🤖 AI Summary
Existing text-driven 4D avatar generation suffers from temporal and geometric inconsistency, perceptual artifacts, motion distortion, high computational cost, and weak dynamic controllability. To address these challenges, this paper introduces the first diffusion-based triplane re-posing framework. Our method integrates skeleton-driven motion control with a two-stage diffusion architecture to explicitly model structural and motion priors; it employs triplane implicit representations coupled with autoregressive temporal modeling, enabling arbitrary-length, high-fidelity 4D sequence generation. Trained on large-scale 3D geometry and motion datasets, our approach reduces generation latency from hours to seconds. Quantitatively and qualitatively, it achieves state-of-the-art performance in geometric accuracy, visual realism, and temporal coherence. Moreover, it significantly enhances both controllability—via precise skeletal conditioning—and inference efficiency, establishing a new benchmark for scalable, high-quality text-to-4D synthesis.
📝 Abstract
With the increasing demand for 3D animation, generating high-fidelity, controllable 4D avatars from textual descriptions remains a significant challenge. Despite notable efforts in 4D generative modeling, existing methods exhibit fundamental limitations that impede their broader applicability, including temporal and geometric inconsistencies, perceptual artifacts, motion irregularities, high computational costs, and limited control over dynamics. To address these challenges, we propose TriDiff-4D, a novel 4D generative pipeline that employs diffusion-based triplane re-posing to produce high-quality, temporally coherent 4D avatars. Our model adopts an auto-regressive strategy to generate 4D sequences of arbitrary length, synthesizing each 3D frame with a single diffusion process.
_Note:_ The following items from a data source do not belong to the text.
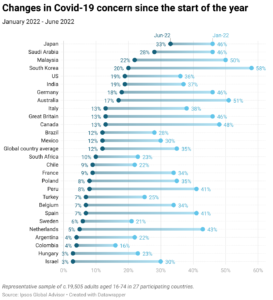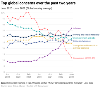 Il 37% delle persone in 27 Paesi del mondo ha citato l’inflazione come uno dei principali problemi che il loro Paese deve affrontare oggi. Si tratta di un aumento di 3 punti percentuali rispetto a maggio. La crescente preoccupazione per l’inflazione arriva durante una visibile crisi globale del costo della vita in molte economie del mondo.
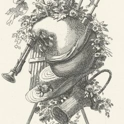Reproduction par Auguste Pèquègnot d’un trophée réalisé par Jean-Antoine Watteau avec une cornemuse entourée de décorations champêtres.
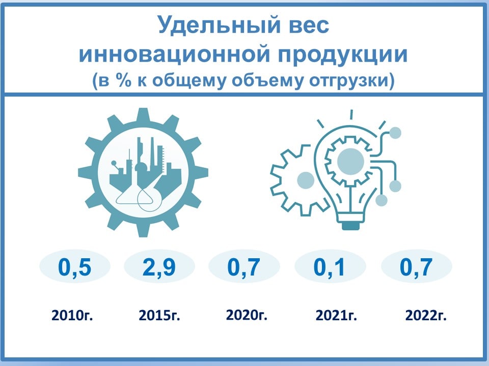 Число инновационно активных предприятий постепенно растёт, однако всё ещё невелико – 6,9%. Чуть больше активности в этом направлении демонстрируют обрабатывающие производства, разработчики компьютерных программ и работающие на научном поприще. Предприятия муниципальной и иностранной собственности по тяге к инновациям заметно уступают федеральным.
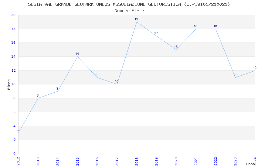 | 2019 | 17 | 585,76 | 34,46 | 43.800 | 3.794 | 159 | 11 |
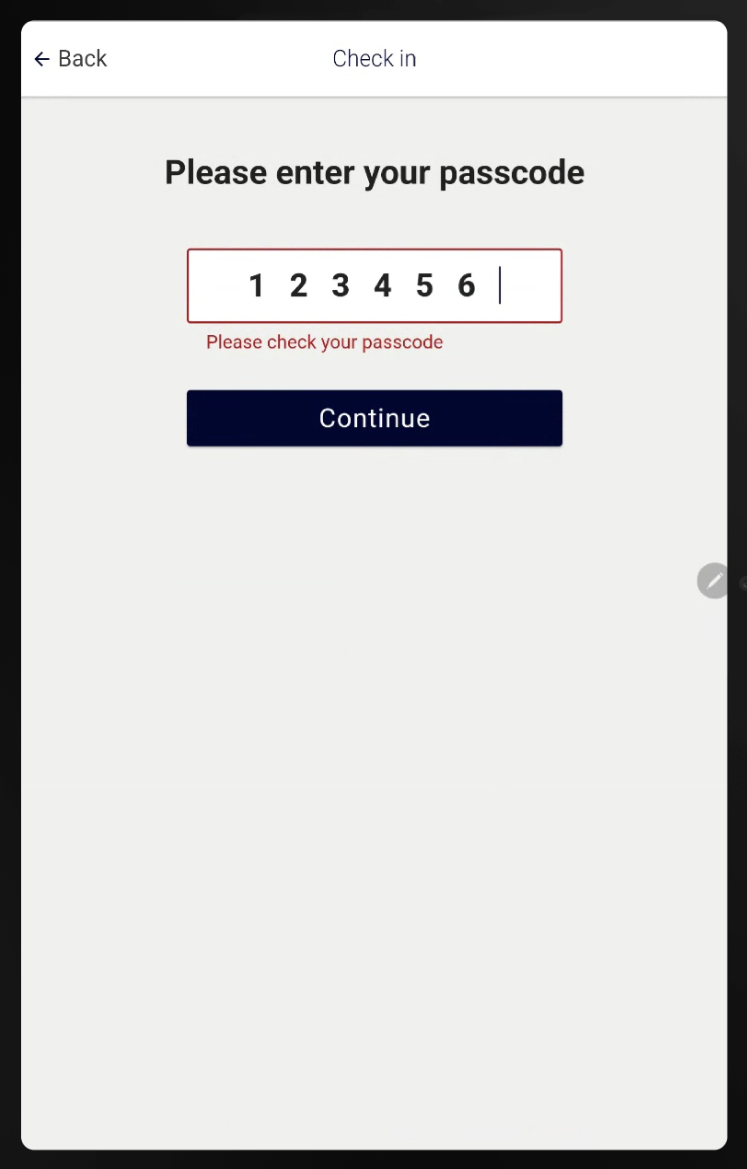 At any point during the check in or check out processes, you can select Back to return to the previous screen and edit your information.
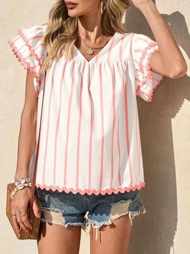 Tankaneo Womens Ruffle Short Sleeve Blouse V Neck Striped Pleated Trim Shirts Summer Casual Loose Fit Tops 1
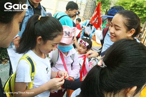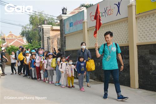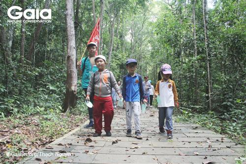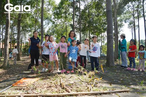 Từ trái qua: Hai em học sinh trường FasTrackids, hiệu trưởng trường Fastrackids và giám đốc trung tâm bảo tồn thiên nhiên Gaia.
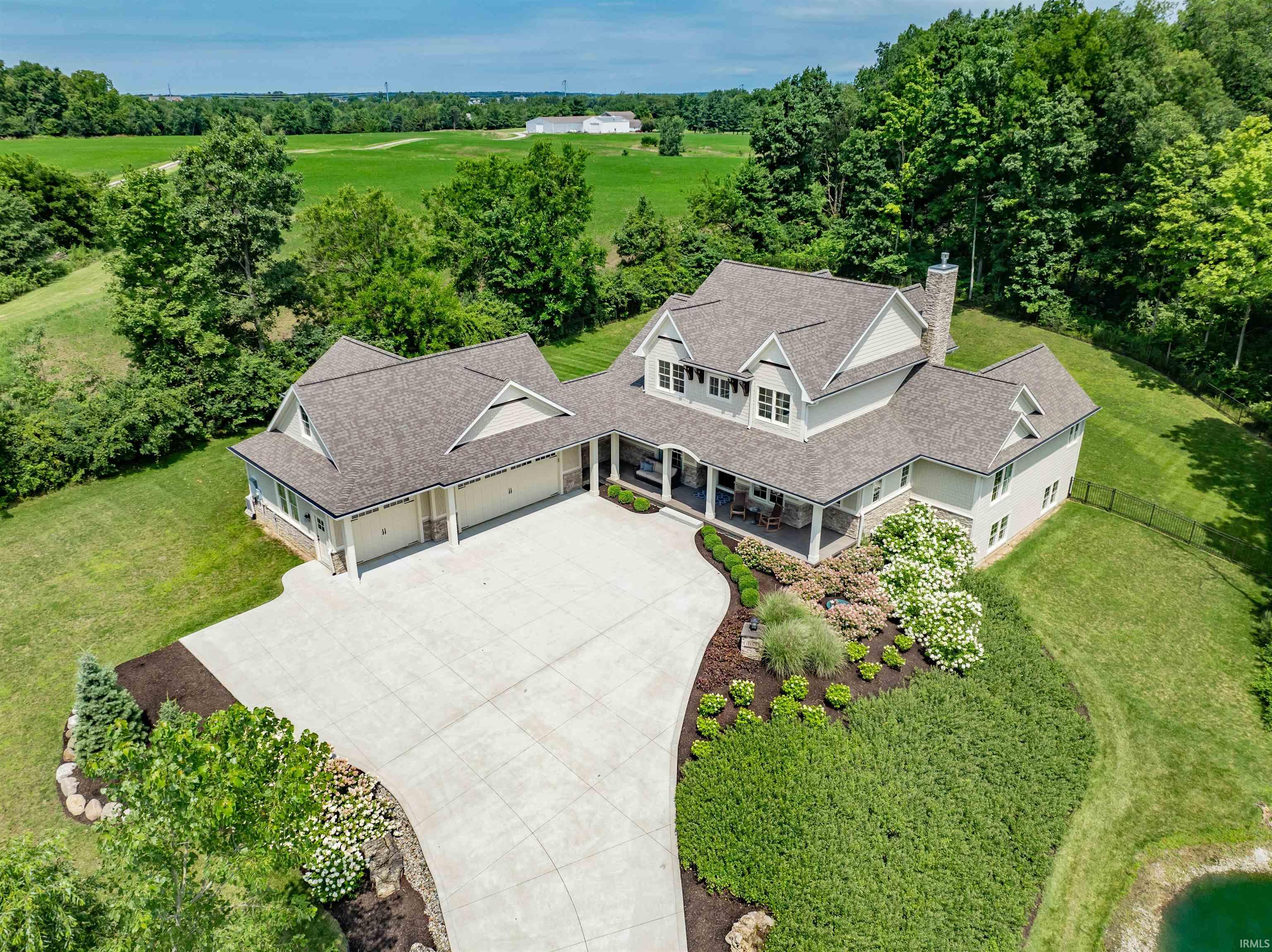 Welcome home to this custom-built stunner by luxury builder Al Hamed in the exclusive Estates on Homestead. Nestled on a serene cul-de-sac with a long private drive, this impressive residence boasts 5,954 square feet of well-appointed living space spread across a daylight basement and situated on a 2-acre lot adjacent to a tranquil pond and surrounded by trees for added privacy. Upon entry you're greeted by hand scraped hardwood floors, exposed beams, and soaring ceilings that create an inviting atmosphere. The grand foyer with built-ins sets the stage for the exceptional craftsmanship and detail throughout the home. The main floor features an open floor plan with an impressive great room w/beamed ceiling & sliders to a covered patio, custom tile fireplace and a wall of windows, which bathes the space in an abundance of natural light. You'll love the versatile sunroom to the back, which is conveniently located next to a former swim spa room with a half bath. The well-equipped kitchen is a dream, featuring a stylish hood, Moroccan tile backsplash, quartz countertops, paneled refrigerator, wall ovens, a gas cooktop, and spacious pantry. Enjoy meals at the sprawling center island or in the charming eat-in area, and host formal dinners in the separate dining room. The bonus mudroom is a standout with a dedicated dog wash area, built-ins, an additional sink, & access to the side yard. Your main floor primary en-suite is a true sanctuary, offering dual water closets, vanities, & walk-in closets, complemented by a stunning tiled shower & a freestanding tub for ultimate relaxation. Upstairs, a loft area provides additional living space alongside 2 bedrooms w/ensuite baths, and walk-in closets. There is also a flex room — perfect as a nursery, craft room, or office. The spacious lower level offers a bedroom, a workout room, a versatile space that could be used as a theater room or playroom, a full bath, and beautiful wet bar. This level also features LVP flooring & a massive storage room with built-in shelving. Additional bonus features of this home include covered front & back porches with wood ceilings and stamped/stained concrete flooring, a 5-bay garage (with 1 bay open to the back for lawn equipment, 3 bays in front, and 1 tandem bay), an invisible fence, and a wrought iron fence. This home is designed with luxury, functionality, & convenience in mind & is perfectly located near walking trails, YMCA, Lutheran, and SACS schools.
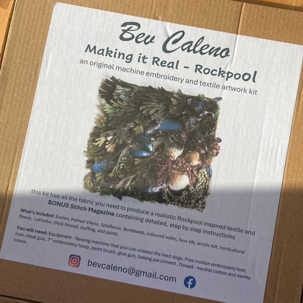I also went back to see Bev Caleno’s work about half a dozen times – just incredible artistry and using common themes to much of my work so it really spoke to me. Bev works with machine embroidery and mixed media, with a lot of hand painting, texture, heat manipulation and other fascinating techniques, and the results are gorgeous. Her mushroom pieces are incredible but I finally chose one of her new rock pool kits – this is going to keep me busy for a while and teach me lots of new techniques, plus new takes on techniques and materials I’ve used before, so will be very inspiring. It was lovely to have a chat with Bev and I’ll be following her work for sure.

By explicitly learning 3D structure and motion priors from large-scale 3D and motion datasets, TriDiff-4D enables skeleton-driven 4D generation that excels in temporal consistency, motion accuracy, computational efficiency, and visual fidelity. Specifically, TriDiff-4D first generates a canonical 3D avatar and a corresponding motion sequence from a text prompt, then uses a second diffusion model to animate the avatar according to the motion sequence, supporting arbitrarily long 4D generation. Experimental results demonstrate that TriDiff-4D significantly outperforms existing methods, reducing generation time from hours to seconds by eliminating the optimization process, while substantially improving the generation of complex motions with high-fidelity appearance and accurate 3D geometry.